Impairments hit Sibanye-Stillwater earnings
TL/DR –
Sibanye-Stillwater’s interim headline earnings have seen a 19-fold increase, fuelled by higher market prices and cost containment, positioning the company to take advantage of rises in platinum group metals (PGM) prices and gold’s bull run. However, impairments of R9.7 billion resulted in a narrower loss in basic earnings. The company’s South African gold operations reported a 118% increase in adjusted EBITDA for H1 2025 to R4.8 billion (US$260 million), despite reduced production due to operational challenges.

South African mining company Sibanye-Stillwater has reported a 19-fold increase in interim headline earnings to 190 SA cents per share, attributing the growth to higher prices and effective cost management. The mining firm’s boosted performance comes amid a revival in platinum group metals (PGM) and gold prices.
The company’s headline earnings, which exclude once-off items, painted a rosy picture. However, basic earnings were impacted by R9.7-billion in impairments, resulting in a less severe loss of R3.6-billion, compared to the same time last year.
The company’s shares remained stable following the earnings announcement, with little change registered by mid-day on Thursday.
“Increased operational stability and efficient cost control at the majority of Group operations, coupled with the SA gold operations’ leveraged exposure to the rand gold price have significantly boosted Group profitability for H1 2025,” the company shared.
The gold price has been performing extraordinarily well, hitting a historic high of approximately $3,500 an ounce in April, a significant boon for gold producers.
Despite operational hurdles that reduced production by 13% YoY, adjusted EBITDA for H1 2025 surged by 118% to R4.8 billion (US$260 million) from R2.2 billion (US$117 million) for H1 2024. This rise was driven by a 36% YoY increase in the average received gold price to R1,802,580/kg (US$3,049/oz). The company reported this as the highest adjusted EBITDA from the SA gold operations since H2 2020.
In addition, Sibanye enjoyed a boost from the US Inflation Reduction Act by the former Biden administration, which issued a 10% tax credit on operating costs, extending to mining and recycling. This resulted in a total credit of $285-million for 2023, 2024, and H1 of 2025, enhancing cost efficiency and profitability for H1 2025, with associated cash payments anticipated in 2026.
However, changes brought in by the Trump administration will phase out this credit from 2030 to 2034. This decision accounts for over R4-billion of Sibanye’s accounting impairments for the period.
Another significant impairment is linked to the company’s Keliber lithium project due to a dimmed medium-term price outlook for the metal.
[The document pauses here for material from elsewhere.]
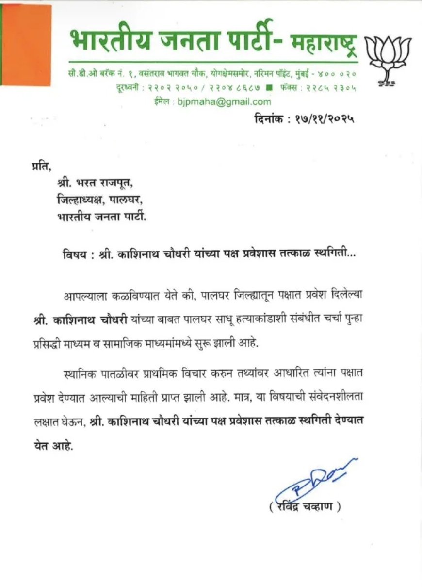 16 एप्रिल 2022 रोजी पालघरमध्ये दोन साधूंची जमावाने हल्ला करून जिवंत ठार केले, ही संतापजनक घटना लॉकडाऊनमध्ये उध्दव ठाकरे सरकारच्या काळात घडली होती. तेव्हा भाजपाने ठाकरे व महाविकास आघाडीला लक्ष्य केले. एकनाथ शिंदेनी या घटनेचे निमित्त करून शिवसेनेत बंड केले. या घटनेतील एक मुख्य आरोपी काशीनाथ चौधरी यांना 3 हजार समर्थकांसह भाजपात प्रवेश दिला. विशेष म्हणजे चौधरी यांनी यावेेळी जोरदार शक्तीप्रदर्शन केले. निवडून येण्यासाठी काय पण! या थराला जाण्याची भाजपाची आजची इन्स्टंट थेअरी किती धोकादायक आणि गंभीर वळणावर गेली आहे. त्यामुळे *"कुठे नेऊन ठेवला भाजपा"* असा प्रश्न उपस्थित होतो.

This is due to oversupply and declining excitement around battery electric vehicles.
Looking ahead, Sibanye indicated optimism, stating, “Gold and PGM prices have rallied further during Q3 2025, which suggests significant upside for earnings and cash flow should higher prices be maintained.”
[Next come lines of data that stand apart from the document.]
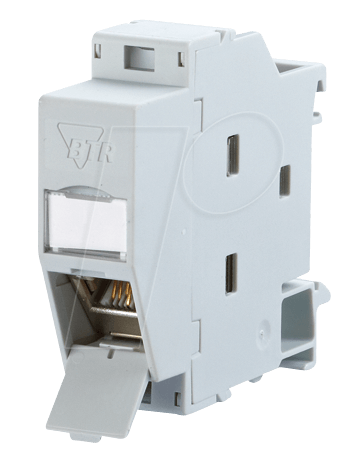 BTR REGplus IP20 E-DAT ModulAnschlusseinheit zur Montage auf Tragschiene TH35 nach DIN EN 60715 in Elektroverteilern für Haus- und IndustrieinstallationBestückt mit einem E-DAT modul RJ45 EinzelmodulKabelzugang 45° von oben, Steckrichtung 45° nach unten geneigtAusstattung: GHMT Cat.6 de-embedded PVP zertifiziertEinhaltung der Klasse EA nach ISO/IEC 11801 Ed.2.2:2011-06, DIN EN 50173-1:2011-09Getestet: Link bis 500 MHzFür 10 GBit Ethernet (IEEE 802.3an)Geeignet für Power over Ethernet (PoE, PoE plus und UPoE)Montagefreundlicher Anschluss der 2- bis 4-paarigen Datenleitung AWG 24/1 - 22/1 und Litzenleiter mit 7-drähtiger Cu-Litze AWG 26/7 an BTR 8fach IDC-SchneidklemmenKennzeichnung der Adernbelegung T568A oder T568BLeichtes und schnelles Einlegen der Adernpaare in das E-DAT modul LadestückDie Baubreite von 1TE ermöglicht den Einbau von bis zu 12 REGplus in Standard-ElektroverteilerBei Einbau als Gerät der Schutzklasse I erfolgt der Potentialausgleich über eine integrierte Potentialausgleichsblech direkt über die Hutschiene, welche über entsprechende Kontaktierungsklemmen am Gebäudepotentialausgleich anzuschließen istDas Modul ist durch eine Abdeckung vor direkter Berührung geschützt. Bei Montage in schutzisolierten Technische Daten: Ausführung (Netzwerkdosen): EinsatzFarbe: GrauInhalt: 1 St.Kabel-Zuführung: rückwärtigMontageart: HutschieneNetzwerk-Spezifikation: CAT 6ANetzwerkdosen-Besonderheiten: KompaktNetzwerkgeräte-Art (Kategorisierung): NetzwerkdoseSchnittstellen: LAN: 1 x
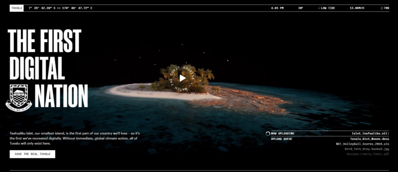 为了强调海平面上升威胁其海岸的紧迫性,太平洋岛国图瓦卢与埃森哲歌曲、Collider和Thrive PR旗下的the Monkeys合作,共同创建第一个数字国家的开端。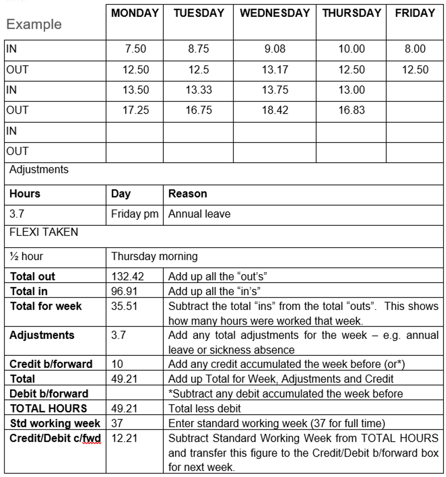 Some areas may still use a manual recording (paper-based) system, where in use the following example is provided and should be referred to ensure consistency in the recording of working time.

Sibanye, originally a Gold Fields’ spin-off and once seen as a dividend play, chose not to declare a dividend citing, “… the uncertain global economic and geo-political backdrop.”
These results mark the final set with founding CEO Neal Froneman in charge. One could speculate that he would have liked to leave a dividend as a farewell gift, but the global economic and geopolitical climate remains unpredictable.